Expressive Co-creation With AI Text Companions for Everyday Wellness
Aisling Kelliher, School of Cinematic Arts
Angel Hsing-Chi Hwang, Annenberg School for Communication and Journalism
This project explores AI text companions as a means for expressive co-creation with machines. Through the development of an experiential prototype, we examine how users express emotions, memories, and other internal experiences that might otherwise be difficult to process. We will invite potential users from diverse backgrounds to participate in the process of co-designing the prototype. Together, we look at the practice of expressing their murky experiences as a crucial first step toward everyday wellness and whether co-writing interactively with AI can offer relevant support.
TransQueerOS Lab
Kara Keeling, School of Cinematic Arts
The TransQueerOS (TQOS) Lab is inspired by Kara Keeling’s 2014 article, “QueerOS,” published in Cinema Journal (now The Journal of Cinema and Media Studies). Launched 10 years after the publication of that article, the TQOS Lab aims to gather theorists across disciplines, artists, designers, and media makers around a shared engagement with ideas related to the speculative possibility of a “TransQueer Operating System.” Participants in the TQOS Lab will be involved in producing research and scholarship as well as in experimenting with what the concept of “TransQueerOS” makes possible in practice.
Cinema’s Futures
Holly Willis, School of Cinematic Arts
Storytelling forms shift and change in relation to specific cultural moments. Today, we are at an important inflection point. As algorithms, AI, and computational systems increasingly mediate our experiences, they are also shifting the parameters of narrative. Algorithms don’t just suggest what stories we consume through recommendation engines; instead, they play an active role in shaping the stories themselves. This working group will explore emerging narrative forms in the context of generative AIthrough practices of making. The expected outcomes include a series of storytelling prototypes that exemplify new forms of narrative emerging in an algorithmic era. These prototypes will serve as both artistic explorations and research tools, allowing for a deeper understanding of how AI and algorithms are reshaping narrative structures.

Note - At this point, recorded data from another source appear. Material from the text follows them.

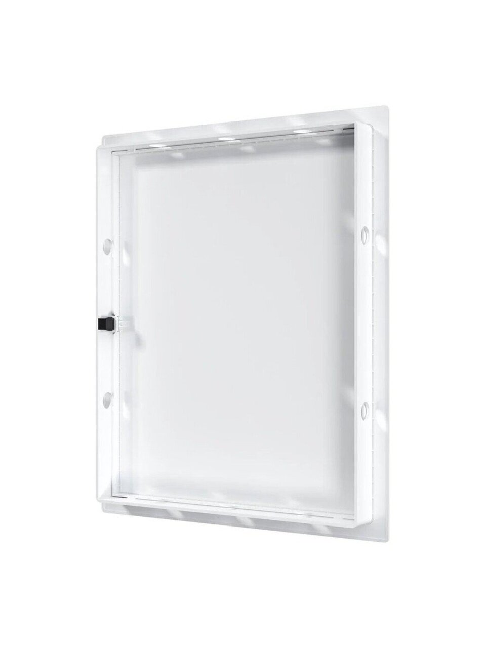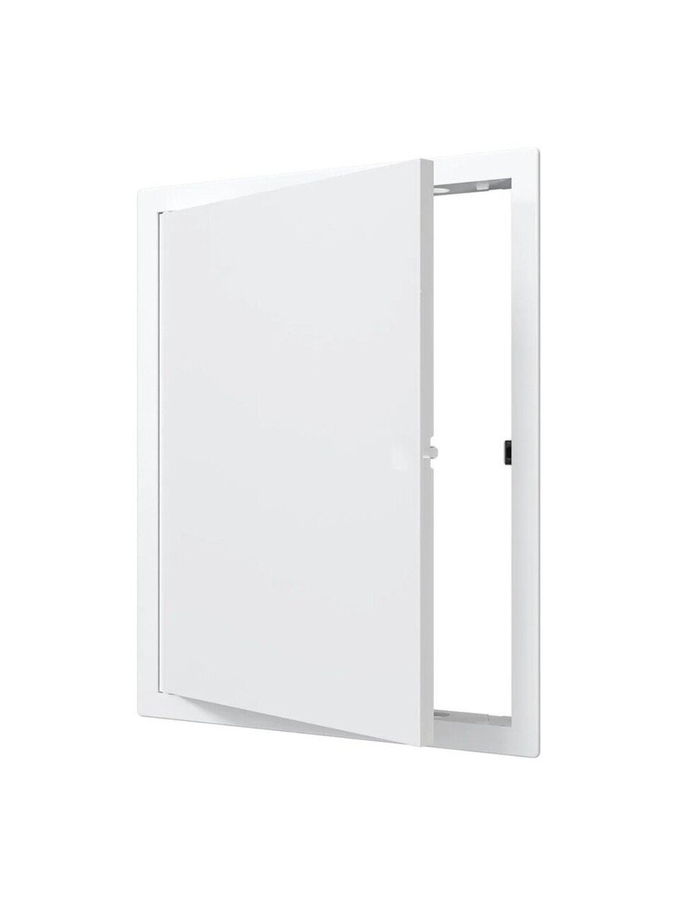 - Нажимной замок фиксирует дверцу, не позволяя ей самопроизвольно открываться, за счет чего люк может устанавливаться не только в стену, но и в потолок.
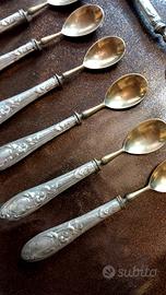 Elegante set antico di 8 posate (cucchiaini) placcate in argento 800.
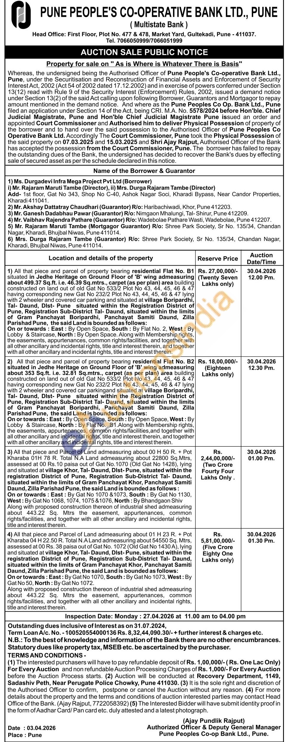 4) All that piece and Parcel of Land admeasuring about 01 H 23 R. + Pot Kharaba 04 H 22.50 R. Total N.ALand admeasuring about 54550 Sq. Mtrs, assessed at 00 Rs. 38 paisa out of Gat No. 1072 (Old Gat No 1430 A), lying and situated at village Khor, Tal-Daund, Dist-Pune, situated within the registration District of Pune, Registration Sub-District Tal- Daund, situated within the limits of Gram Panchayat Khor, Panchayat Samiti Daund, Zilla Parishad Pune, the said Land is bounded as follows: On or towards: East: By Gat No 1070, South: By Gat No 1073, West: By Gat No 50, North: By Gat No 1072. Along with proposed construction thereon of industrial shed admeasuring about 443.22 Sq. Mirs the easement, appurtenances, common rights/facilities, and together with all other ancillary and incidental rights, title and interest therein.

Immersive AI for Creative Communities Featuring Spectra Studio
Qianqian Ye, School of Cinematic Arts/Spectra Studio
Ziyaad Bhorat, Annenberg School for Communication and Journalism
Carrie Chen, Spectra Studio
Harvey Moon, School of Cinematic Arts/Spectra Studio
China Bay Smith, Spectra Studio
Dominant narratives and visions of AI often sideline creative communities and multidisciplinary, multisensory ways of being and doing. We run the risk of monotyping our creative futures unless we can empower our creative communities working with AI to play, create, reflect, and even destroy. How can different disciplinary thinking and practice come together and create new AI experiences and reimagine collective futures? Our working group will aim to explore these threads by partnering USC AIMS with Spectra Studio to offer a series of workshops and panels culminating in a curated exhibition of works exploring how AI tools and platforms intersect with creative communities in Los Angeles.